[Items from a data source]
· · · · · · ·

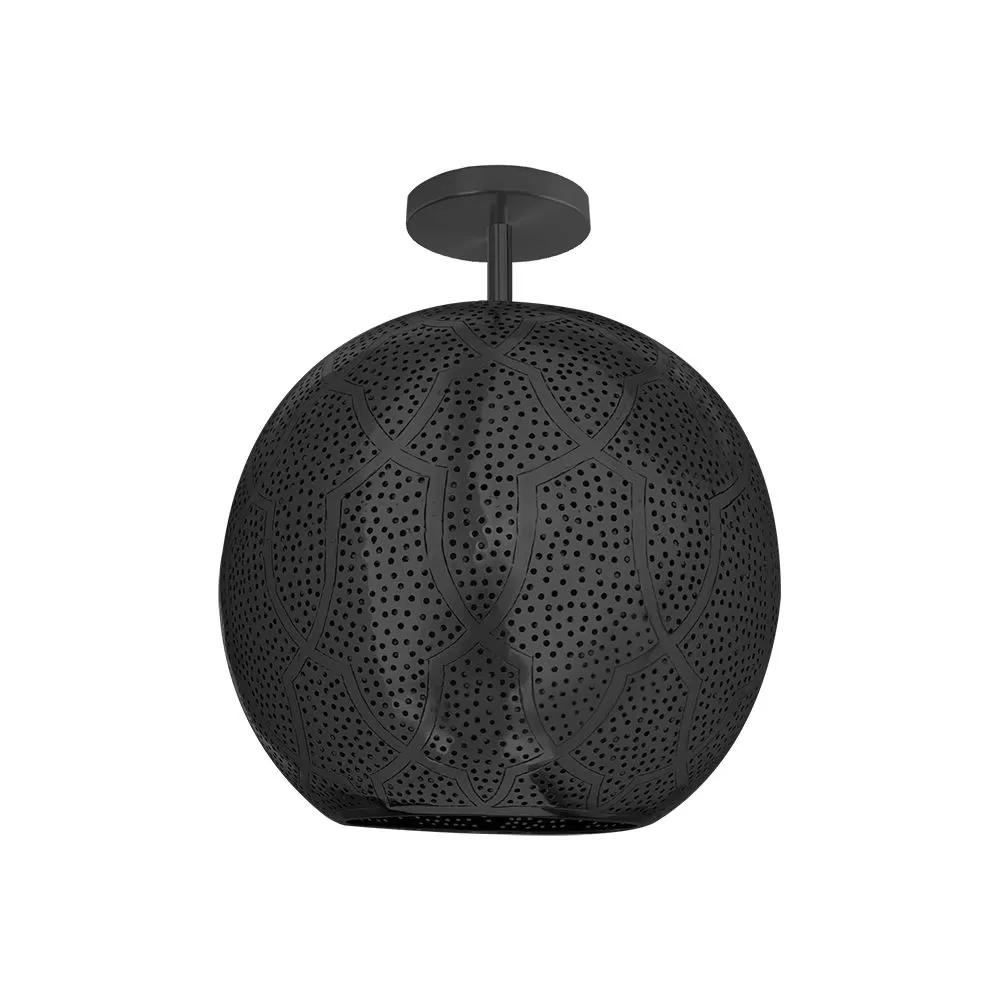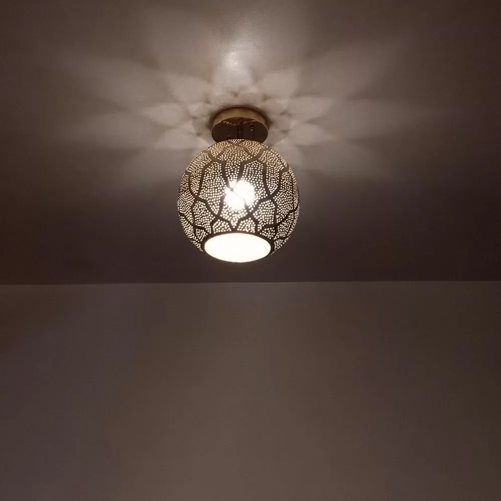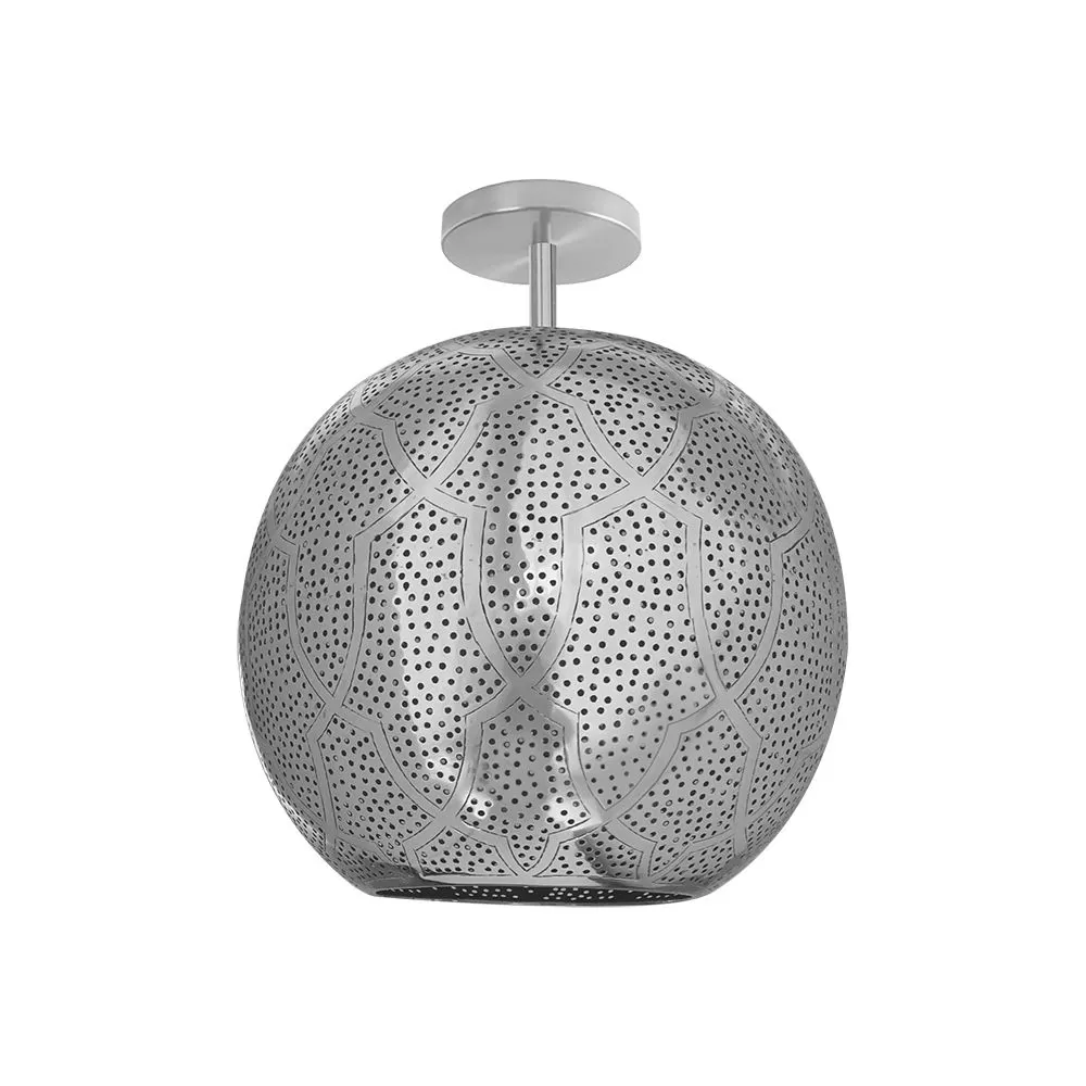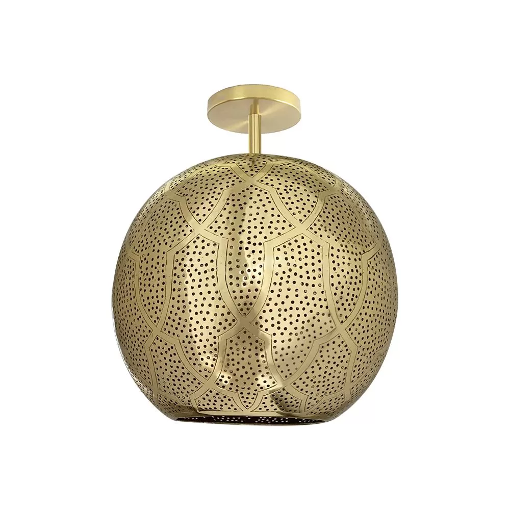 Aria is our modern Moroccan semi-flush light made from semi-precious punched metal and pierced designs. The sphere shape is modern with a hint of mid-century. It’s handcrafted by master artisans in the heart of Marrakech, Morocco. The intricate holes create a stunning shadow pattern onto the walls allowing the light to shine through for amazing ambient light. What an amazing way to bring a luxurious global feel in your home and add a touch of the beautiful city of Marrakech.
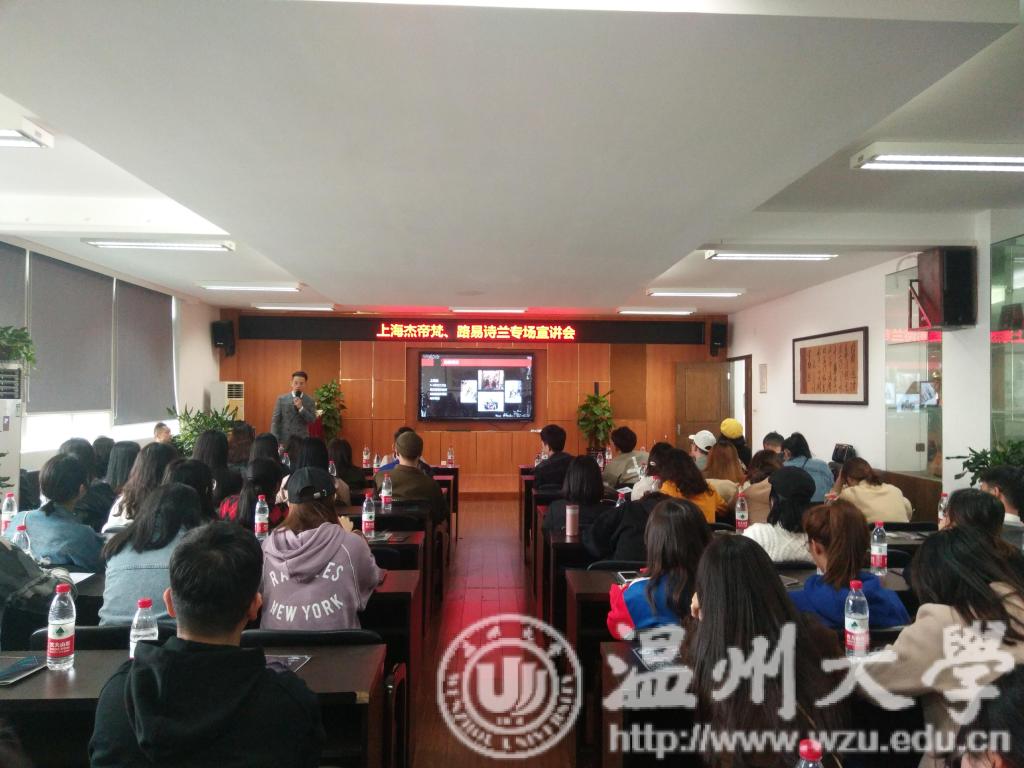 11月23日上午,由上海杰帝梵、路易诗兰组织的雷竞技raybet官网入口专场宣讲会在美院2B4001成功举行。出席此次宣讲会的主要宣讲人有杰帝梵和路易诗兰的战略部总经理朱量和培训部经理陈超群。会议内容主要是品牌的概述、管培生项目的介绍以及面试的流程。
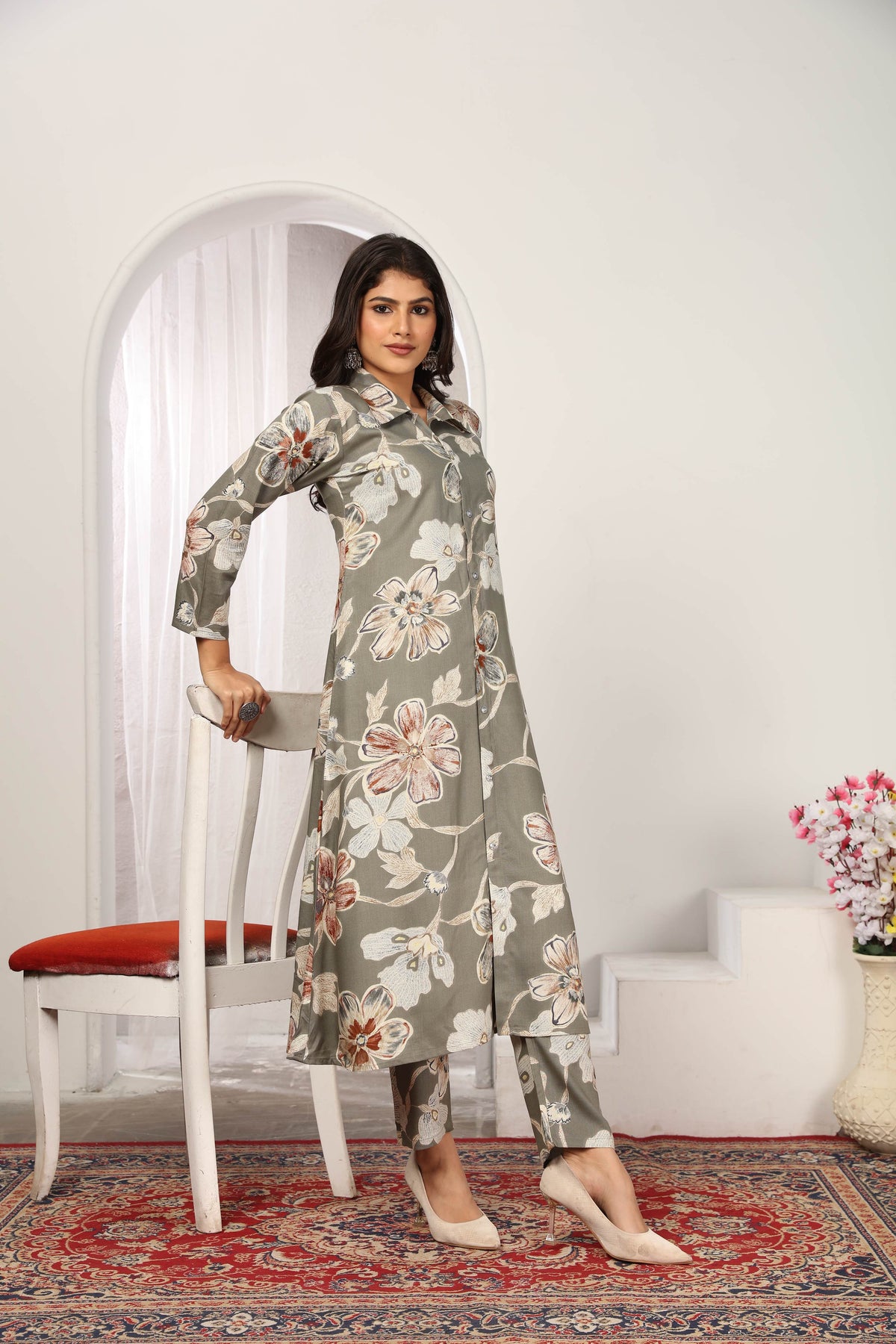 Women's Grey Chanderi Silk Floral Print With Side Pocket Kurtis & Sets
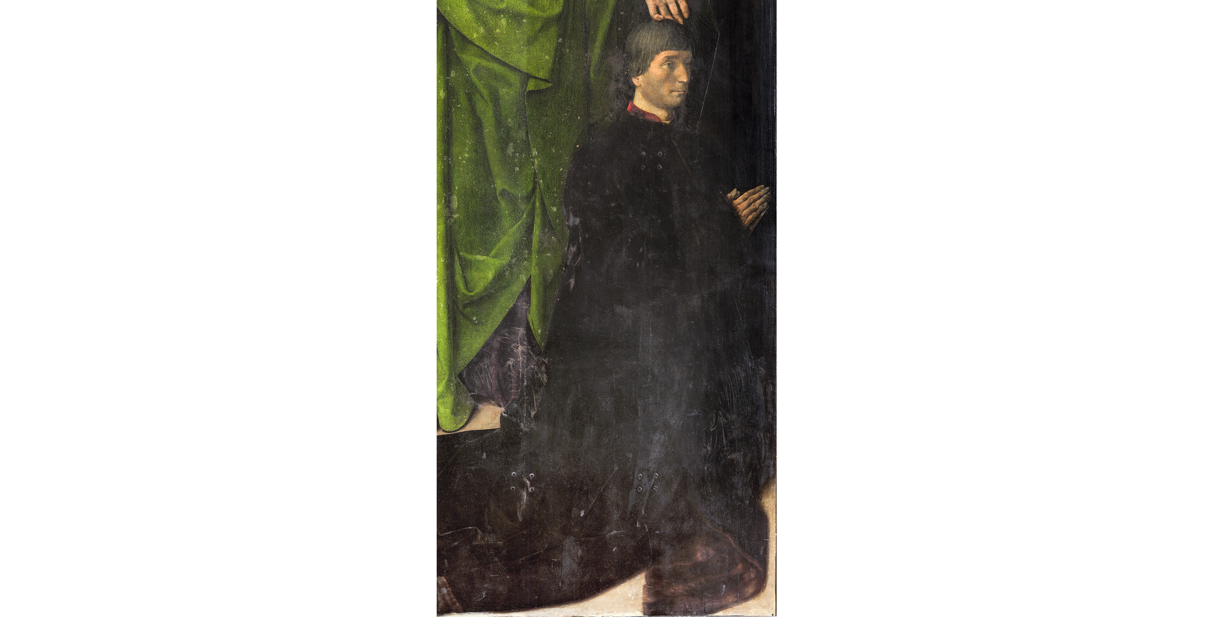 Il colore nero delle vesti maschili, ma anche femminili, si giustifica con una tendenza che, nel nord Europa, trova un grande consenso dalla metà del XV secolo, soprattutto grazie a Filippo il Buono che, pur vestendolo inizialmente in segno di lutto, grazie alle fogge ricercate ed eleganti ne trasforma il significato. Al tempo del soggiorno a Bruges di Portinari, questo colore è già appannaggio della classe mercantile e dell’apparato istituzionale della corte e della nobiltà. Tommaso Portinari, infatti, pur non avendo ricevuto una nomina ufficiale, alla corte di Carlo il Temerario era considerato come un consigliere. Come tale e come rappresentante della comunità dei mercanti fiorentini residenti a Bruges, riceve dal duca l’onore di sfilare, nel 1468, al corteo delle nozze con Margherita di York:
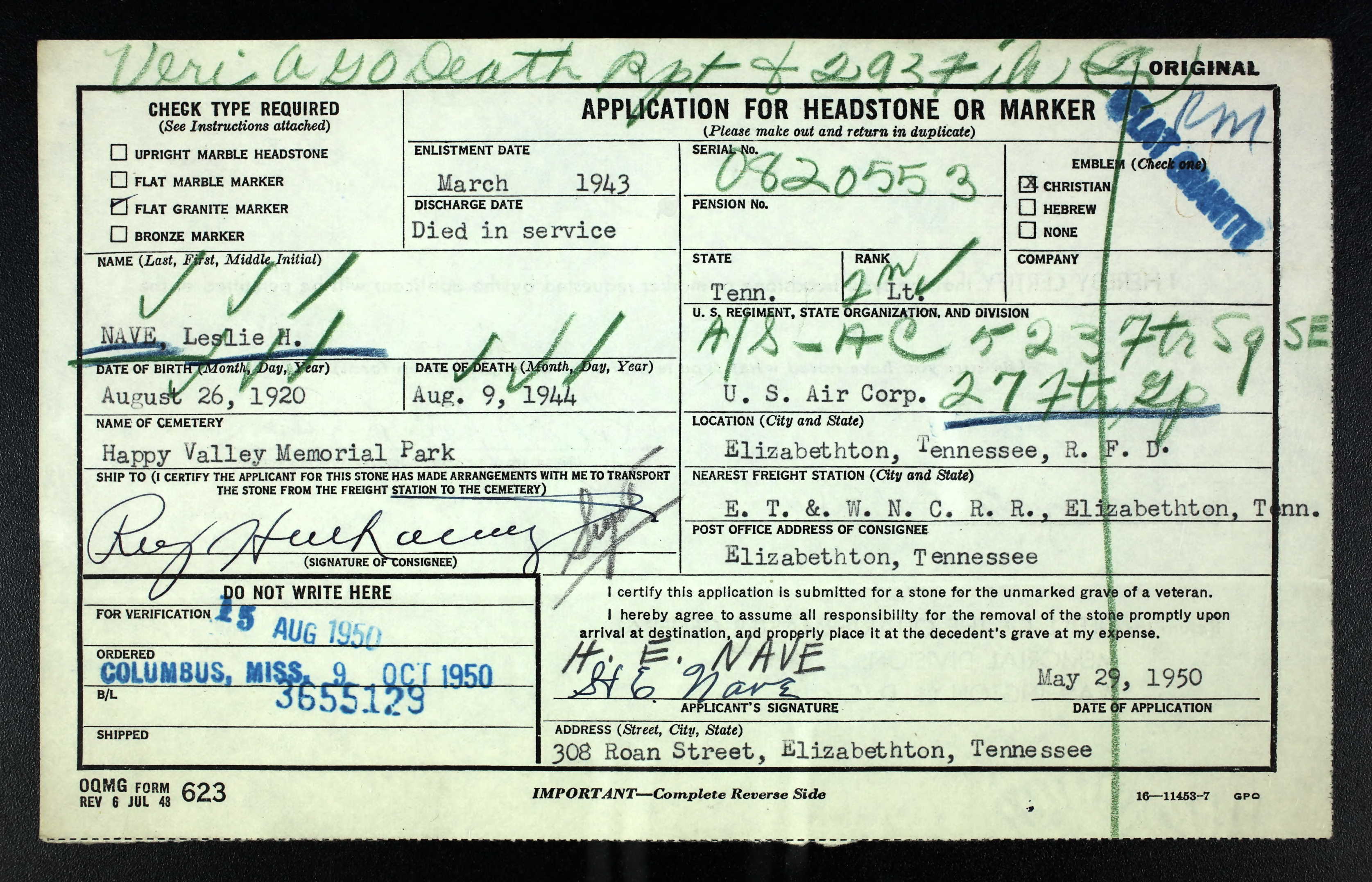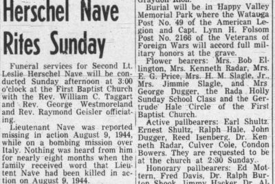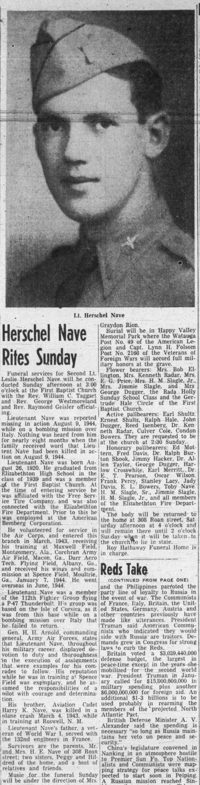 Funeral services for Second Lt. Leslie Herschel Nave will be conducted at the First Baptist Church. Lieutenant Nave was reported missing in action August 9, 1944, while on a bombing mission over Italy. Nothing was heard from him for nearly eight months when the family received word that Lieutenant Nave had been killed in action on August 9, 1944. Lieutenant Nave was born August 26, 1920. He graduated from Elizabethton High School in the class of 1939 and was a member of the First Baptist Church. At the time of entering service he was affiliated with the Free Service Tire Company and was also connected with the Elizabethton Fire Department. Prior to this he was employed at the American Bemberg Corporation. He volunteered for service in the Air Corps, and entered this branch in March, 1943, receiving his training at Maxwell Field, Montgomery, Ala., Cochran Army Air Field, Macon, Ga., Darr Aero Tech. Flying Field, Albany, Ga., and received his wings and commission at Spence Field, Moultrie, Ga., January 7, 1944. He went overseas in June, 1944. Lieutenant Nave was a member of the 112th Fighter Group flying a P-47 Thunderbolt. His group was based on the Isle of Corsica, as it was from this base while on a bombing mission over Italy that he failed to return.
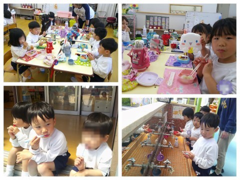 お弁当時間になり、みんなで一緒に《♪お弁当の歌》を歌い ご一緒に「いただきます」をしました。みんなで一緒に食べれて嬉しそうにしていた子ども達、明日も全員ピカピカさんになりたいな(*^^*)その後のハミガキでは園長先生にも見てもらい、園長先生も「みんな上手に出来ているね」とみんなのことをほめていましたよ!(^^)!明日も頑張ろうね!
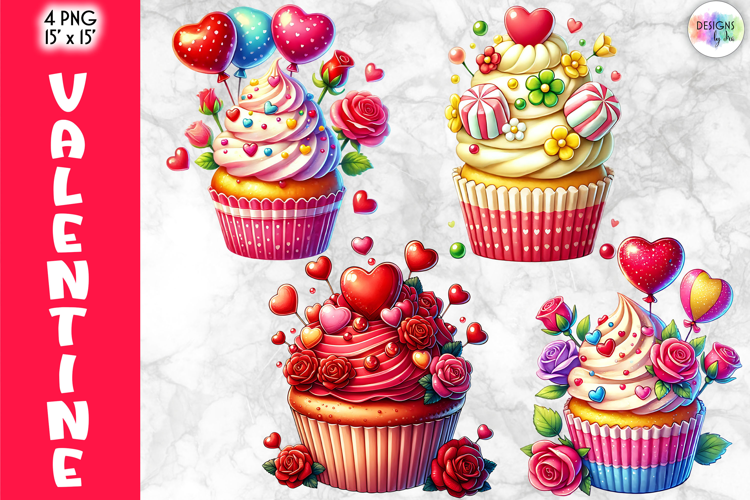 A charming cupcake collection designed to add sweetness, color, and Valentine-themed flair to any design project.

· · · · · · ·

## REQUIREMENT
Each record above is to be restated exactly, with its pictures removed from the copy.

## YOUR SOLUTION
 Aria is our modern Moroccan semi-flush light made from semi-precious punched metal and pierced designs. The sphere shape is modern with a hint of mid-century. It’s handcrafted by master artisans in the heart of Marrakech, Morocco. The intricate holes create a stunning shadow pattern onto the walls allowing the light to shine through for amazing ambient light. What an amazing way to bring a luxurious global feel in your home and add a touch of the beautiful city of Marrakech.
 11月23日上午,由上海杰帝梵、路易诗兰组织的雷竞技raybet官网入口专场宣讲会在美院2B4001成功举行。出席此次宣讲会的主要宣讲人有杰帝梵和路易诗兰的战略部总经理朱量和培训部经理陈超群。会议内容主要是品牌的概述、管培生项目的介绍以及面试的流程。
 Women's Grey Chanderi Silk Floral Print With Side Pocket Kurtis & Sets
 Il colore nero delle vesti maschili, ma anche femminili, si giustifica con una tendenza che, nel nord Europa, trova un grande consenso dalla metà del XV secolo, soprattutto grazie a Filippo il Buono che, pur vestendolo inizialmente in segno di lutto, grazie alle fogge ricercate ed eleganti ne trasforma il significato. Al tempo del soggiorno a Bruges di Portinari, questo colore è già appannaggio della classe mercantile e dell’apparato istituzionale della corte e della nobiltà. Tommaso Portinari, infatti, pur non avendo ricevuto una nomina ufficiale, alla corte di Carlo il Temerario era considerato come un consigliere. Come tale e come rappresentante della comunità dei mercanti fiorentini residenti a Bruges, riceve dal duca l’onore di sfilare, nel 1468, al corteo delle nozze con Margherita di York:
 Funeral services for Second Lt. Leslie Herschel Nave will be conducted at the First Baptist Church. Lieutenant Nave was reported missing in action August 9, 1944, while on a bombing mission over Italy. Nothing was heard from him for nearly eight months when the family received word that Lieutenant Nave had been killed in action on August 9, 1944. Lieutenant Nave was born August 26, 1920. He graduated from Elizabethton High School in the class of 1939 and was a member of the First Baptist Church. At the time of entering service he was affiliated with the Free Service Tire Company and was also connected with the Elizabethton Fire Department. Prior to this he was employed at the American Bemberg Corporation. He volunteered for service in the Air Corps, and entered this branch in March, 1943, receiving his training at Maxwell Field, Montgomery, Ala., Cochran Army Air Field, Macon, Ga., Darr Aero Tech. Flying Field, Albany, Ga., and received his wings and commission at Spence Field, Moultrie, Ga., January 7, 1944. He went overseas in June, 1944. Lieutenant Nave was a member of the 112th Fighter Group flying a P-47 Thunderbolt. His group was based on the Isle of Corsica, as it was from this base while on a bombing mission over Italy that he failed to return.
 お弁当時間になり、みんなで一緒に《♪お弁当の歌》を歌い ご一緒に「いただきます」をしました。みんなで一緒に食べれて嬉しそうにしていた子ども達、明日も全員ピカピカさんになりたいな(*^^*)その後のハミガキでは園長先生にも見てもらい、園長先生も「みんな上手に出来ているね」とみんなのことをほめていましたよ!(^^)!明日も頑張ろうね!
 A charming cupcake collection designed to add sweetness, color, and Valentine-themed flair to any design project.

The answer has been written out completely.